弊社は現在の場所に会社を構えてから60年程になるが、時代の流れとともに商売は地元の案件ばかりというわけではなく、むしろより栄えている横浜、東京というエリアが中心になっている。
そんな中、地元に案件が集中しているのは偶然だと思うが、やはり現場は近場がいい。移動時間がほとんどない、ということがこんなにもメリットになるのかと、あらためて感じている。
そしてどの案件もこれも偶然かと思うが、地主の方による賃貸物件というカテゴリーになる。
その一つの物件でちょっとした工事をさせていただいたときのこと。
順調に工事を進めていたところ、オーナー様が差し入れをもって様子を見に来てくれたのだ。その日は気温が10℃に届かない極寒なうえに、施工箇所は日陰の風通しのいいところ。職人もかじかむ手を揉みながら作業に当たっていた。

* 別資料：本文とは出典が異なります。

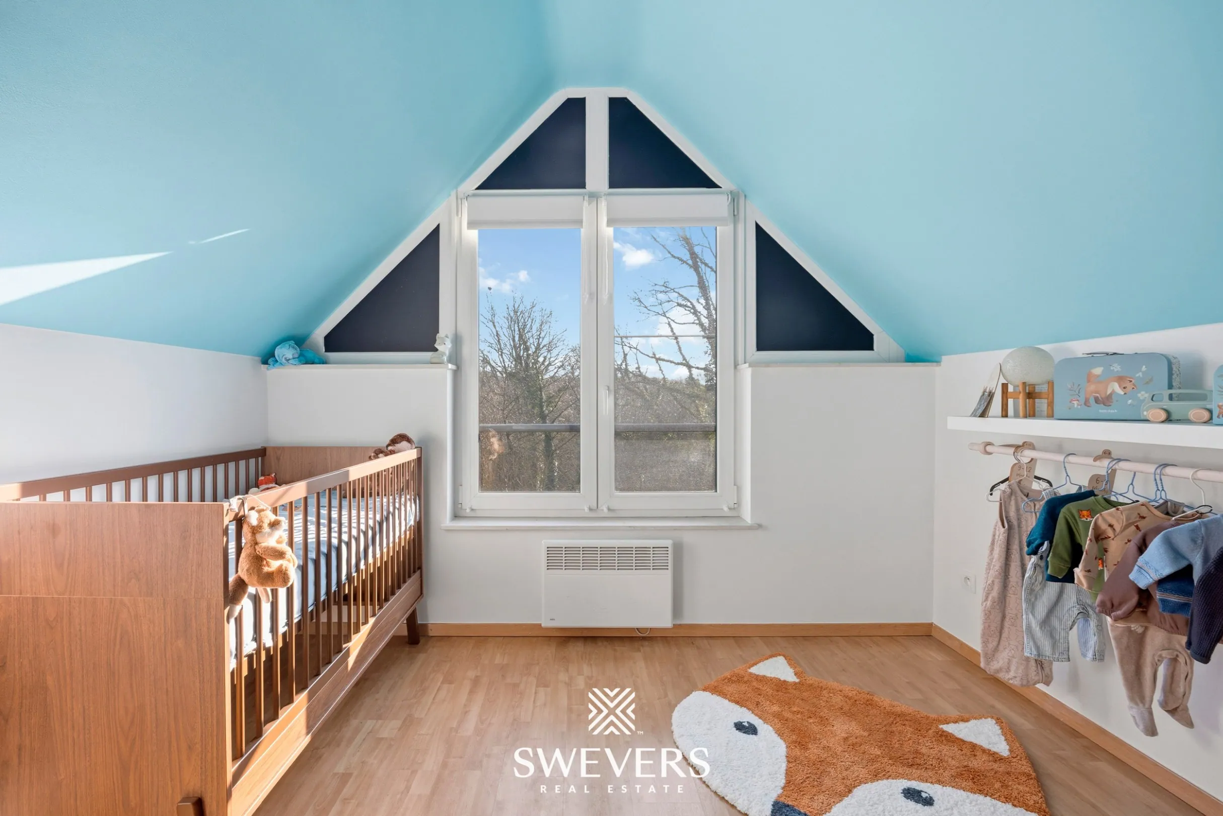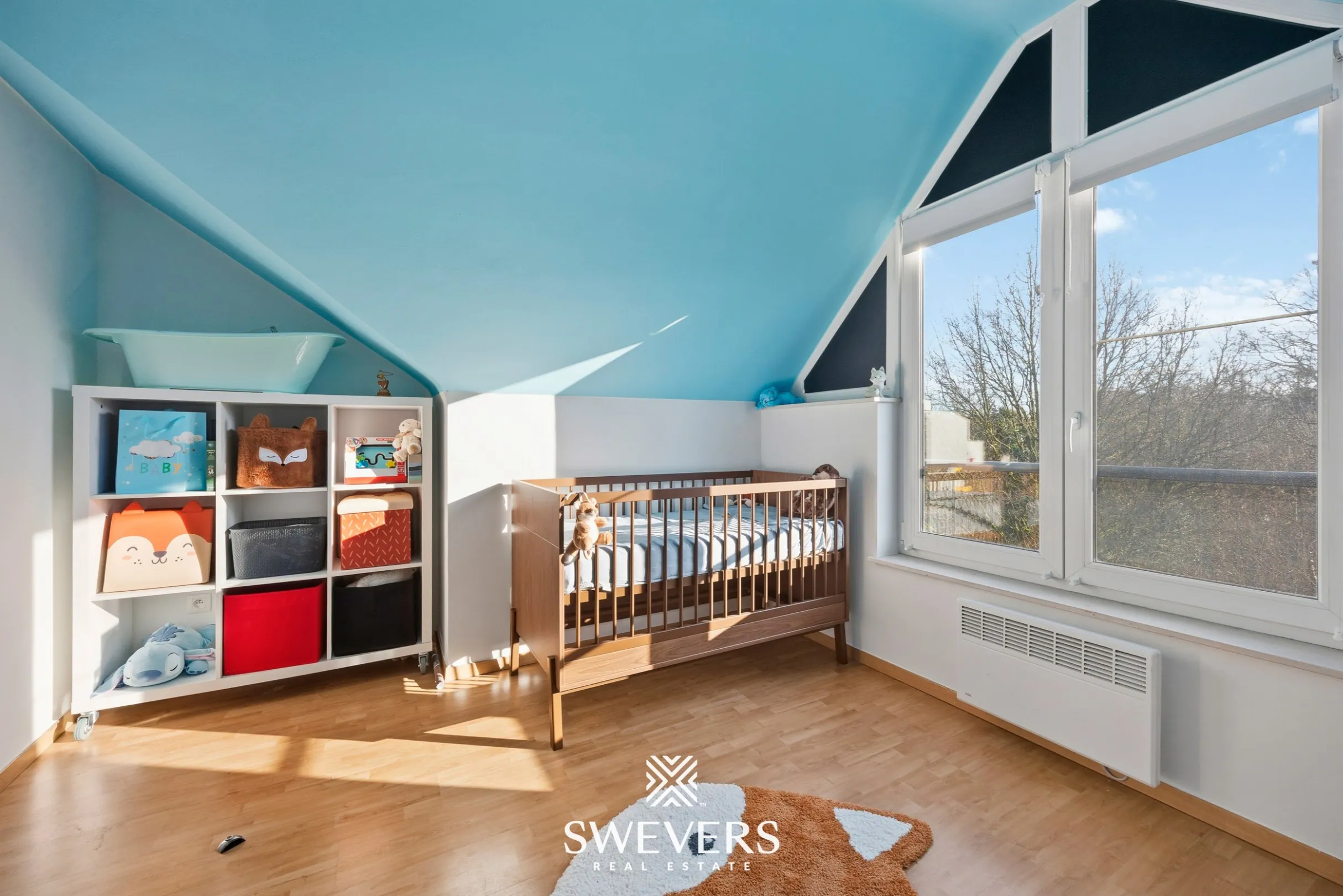 Op de bovenverdieping bevinden zich de slaapkamers. De master bedroom is bijzonder ruim en meet maar liefst 30 m². Een echte eyecatcher, met plaats voor een groot bed, kasten én een bureau. De tweede slaapkamer van 10,5 m² is ideaal als kinderkamer, logeerkamer of thuiskantoor. Flexibiliteit is hier vanzelfsprekend.

差し入れは淹れたての熱いコーヒー。芯まで冷えた体を温め、あとひと息の作業にも気持ちが入る。
コーヒーを振る舞いながら御年80歳というオーナーが今回の工事までのいきさつを話してくれた。
最寄駅から徒歩15分の中規模マンション、築30年程度ではあるが、どこも手入れが行き届いているせいか古さを感じない。通常であれば30年経過するとあちこちと経年劣化による不具合が見られるのだが、見渡したところ目立った不具合は見受けられなかった。

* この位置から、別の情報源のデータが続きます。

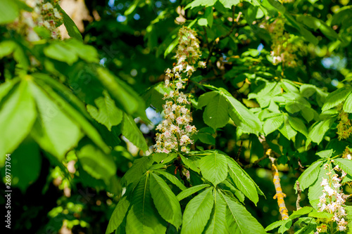 Branch chestnut closeup. White chestnut flowers photographed against the background of lush green leaves
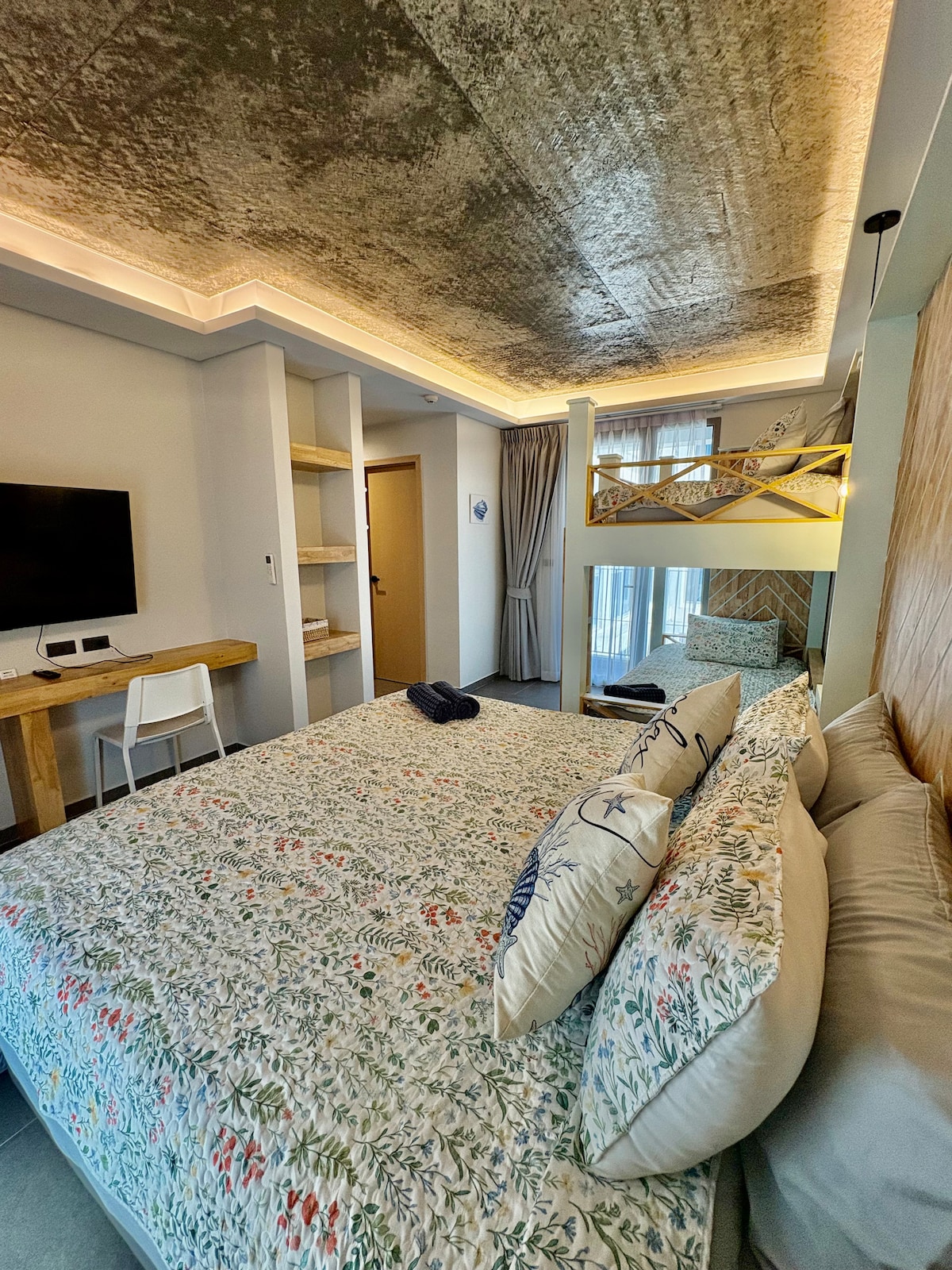 Our Family Room with Bunk Bed at Ozonicia is ideal for families, accommodating up to four guests. The room features one king-size bed for adults and a bunk bed for children or additional guests. It includes a private bathroom, comfortable bedding, and a work desk, offering a practical and cozy space. Guests also enjoy access to a shared kitchen with a stove, refrigerator, air fryer, microwave, blender, and dining table—perfect for a comfortable stay in Mai Khao, Phuket.
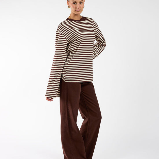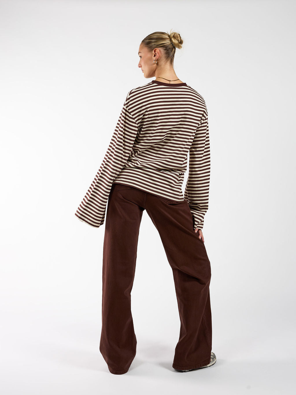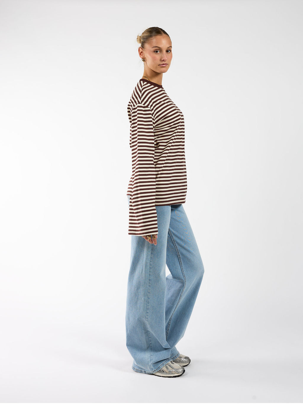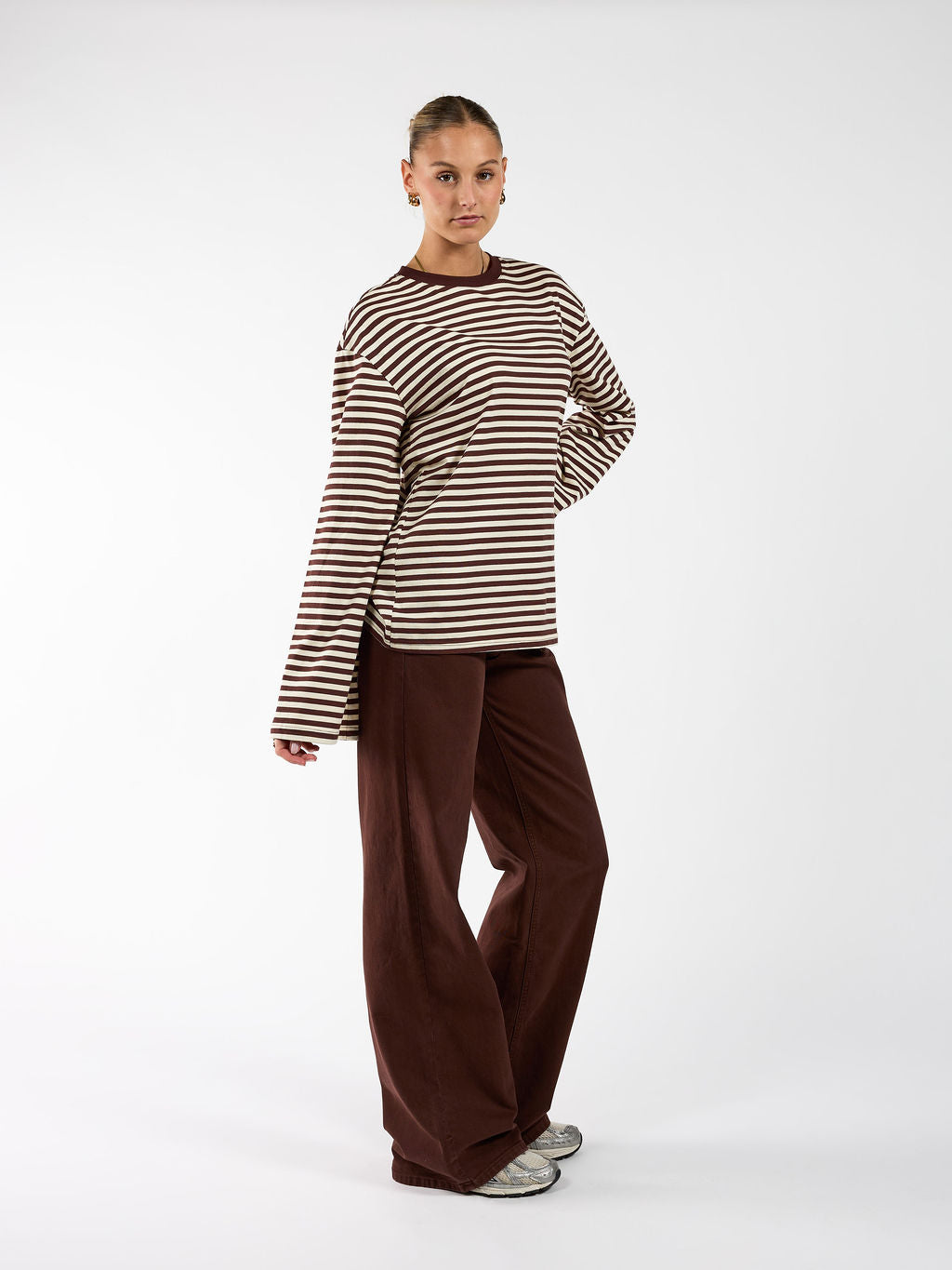 This cream and brown striped tee is a must-have for your tall wardrobe. Made from a soft, comfortable fabric, it features extra-long, wide-sleeved details for a playful, feminine touch.

だが、今回工事に至った箇所は、マンションを建設した当初に発覚していたいわゆる施工不良からきているらしい。
基礎工事の段階で十分な補強がなされていなかったにもかかわらず、工事を進めてしまったため、徐々に歪みが進行した結果、許容できない状態にまで施工箇所の不具合が悪化したということだ。
問題は色々あるが、オーナー様が一番落胆されていたのが、マンションの建設に関わった関係者たちの無責任な対応。問題の責任を互いに擦り付けあったあと、開き直ったように高額な補修費用の見積りを提出してきたらしい。
色々とお察しする部分はある話だが、オーナー様が話の中で発した言葉が問題の本質であるように思えたのだ。
「建物に対しての愛着心を理解してほしかった」
お金がある、ないということや、利回りがどうのという話ではない。
地主さんであれば、先代から大事に引き継いだ土地にどんな思いで建物を立てるのか、ということを業者が少しでも汲み取るような気持ちがあっていい。
各々が自身の利益先行でものごとを考えてしまうと大きな仕事は歪になる。
そんな経緯もあり、今回の工事は建設に関わった業者ではなく、弊社に白羽の矢が立ったのである。無責任な業者のしわ寄せといえばそうであるが、そのおかげで紡がれた縁ということでもあるのだ。
丁度オーナー様の話が終わったタイミングで、職人から作業完了との報告があり、確認の立ち会いに同行した。
丁寧な仕事と、親身になって話を聞いてくれたということで、追加の仕事までいただいた。金額こそ大きくはないが「顧客の気持ちに寄り添うとは」という非常に価値のある問いまでいただいたことに感謝しきりの一件であった。